Bethesda Home for Boys

Franklin was unable to persuade Whitefield to build his orphanage in Philadelphia, but the mission to house, educate, and prepare orphaned boys for a trade struck a chord with the former apprentice. Franklin relented and invested in the project. In 1740 the Bethesda Home for Boys was established in Savannah, GA. With the exception of a few lapses due to fire and wars, the orphanage has continued to this day. More than 10,000 boys have been served by Bethesda in its 265 years.


1. Strategy without passion is less than compelling. Benjamin Franklin was the classic strategic donor, and Whitefield’s plan was strategically unappealing. Locating the boys’ home in Philadelphia would have been a much more efficient use of funds (especially for Philadelphia orphans). But in this instance, as occasionally happens, passion and persistence prevailed over strategy.

2. Representing a cause is not the same as owning it. Few modern-day fundraisers could match Whitefield as an orator. However, his success with Franklin was probably more than just his speaking ability. Like most highly successful fundraisers, Whitefield’s passion was fueled by his sense of personal ownership in the mission.

More than 10,000 boys have been served by Bethesda in its 265 years.

Fundraising in the 21st century has become a career option of choice, and it is indeed a noble occupation. Some, however, pursue it more nobly than others. That is to say, some fundraisers simply represent the organization that employs them while others take personal ownership in the mission. Of course they don’t own the nonprofit, but they (like Whitefield) are personally invested in the cause. The most noble of the fundraisers I know are not simply following a career path but pursuing a personal mission. A newly hired fundraiser may not have that full sense of mission ownership. in time, however, they’ll have to adopt it as one of their own if they are going reach their highest potential.

3. Whitefield was championing the cause for a particular group of boys with whom he seems to have a personal connection. His mission was not to simply help “some orphans, somewhere.” Whitefield wasn’t interested in Franklin’s “better” idea. His particular concern was for the orphans of Savannah. The most effective fundraisers I know are those who connect on a personal level with the benefactors of their causes—students, patients, or people in need. Jerry Lewis, the comedian and advocate for sick kids, always referred to them as “his kids.” Lewis was not just fundraising for the Muscular Dystrophy Association; he (like Whitefield) was championing the cause of “his kids.”

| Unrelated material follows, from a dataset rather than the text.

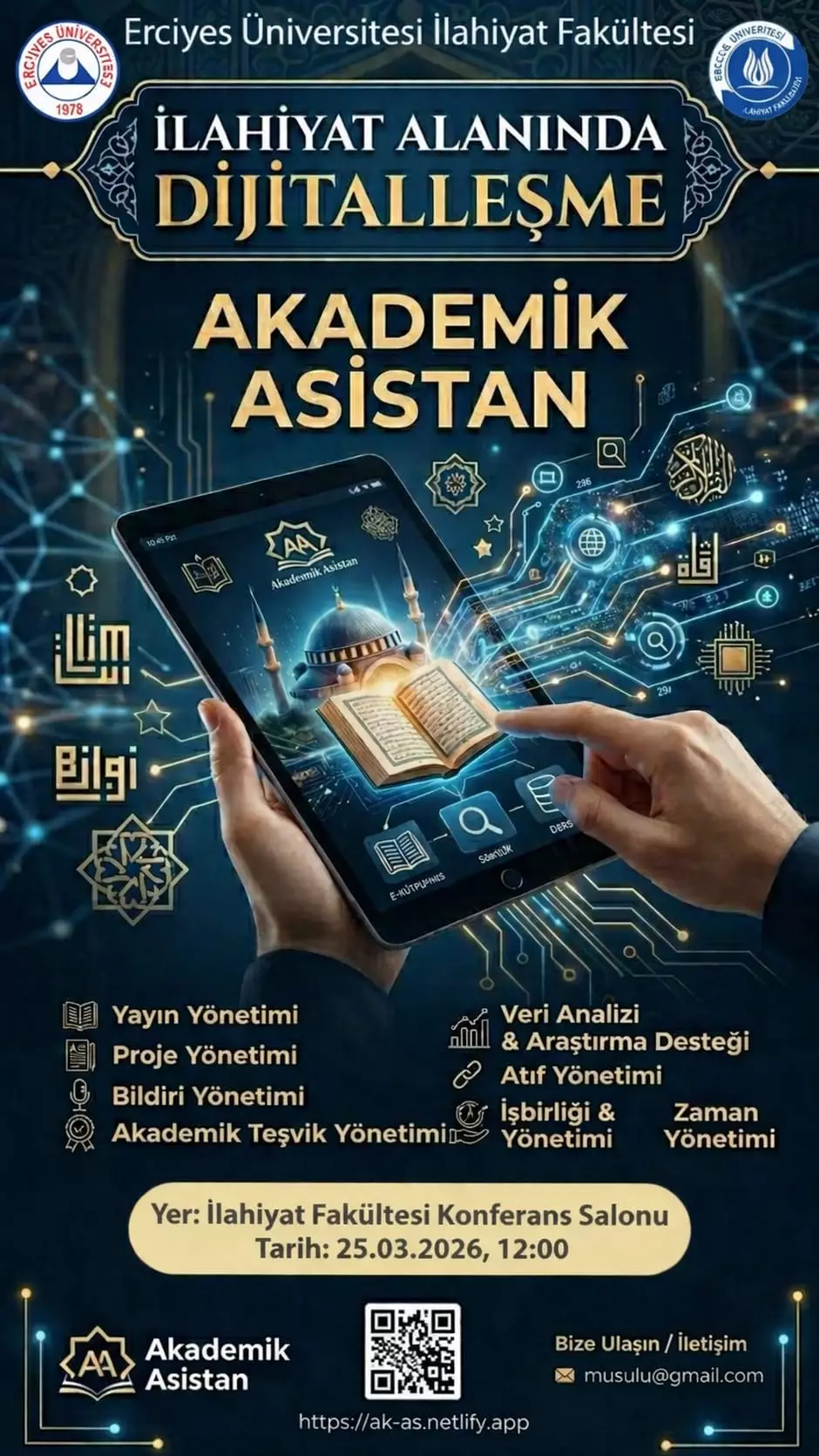25 Mart Çarşamba saat 12.00’de Fakültemiz konferans salonunda, Prof. Dr. Mustafa ULU’nun sunumuyla “İlahiyat Alanında Dijitalleşme: Akademik Asistan” başlıklı eğitim semineri gerçekleştirildi.

4. Common philanthropic interests will join donors together in the most unlikely ways. Franklin, a philosophical deist, and Whitefield, the staunch Calvinistic, were polar opposites with regard to both fervor and theological essentials. Yet, they became lifelong friends and philanthropic conspirators—particularly in matters concerning orphanages, education, and apprenticeships. All the stipulations in the Franklin endowments originated in his friendship and correspondence with Whitefield.

The most effective fundraisers I know are those who connect on a personal level with the benefactors of their causes—students, patients, or people in need.

When friends, family members, and business associates can agree on nothing else theologically or politically, there is often a philanthropic interest that can serve as a common denominator. The wide diversity of personalities and opinions I have seen come together around a charitable cause is quite remarkable.

That is an application suited more for donors than for fundraisers. However, fundraisers who help foster associations among donors in addition to a relationship with the organization often find that those associations reinforce the long-term commitments to your cause and open doors for you into their extended friendship networks.

Ben Franklin’s endowment to the cities of Philadelphia and Boston demonstrate his strategic approach to philanthropy. That thought process, however, did not originate on Franklin’s deathbed. It was the result of a lifetime of experiences—particularly, an unlikely friendship with the fundraiser, George Whitefield.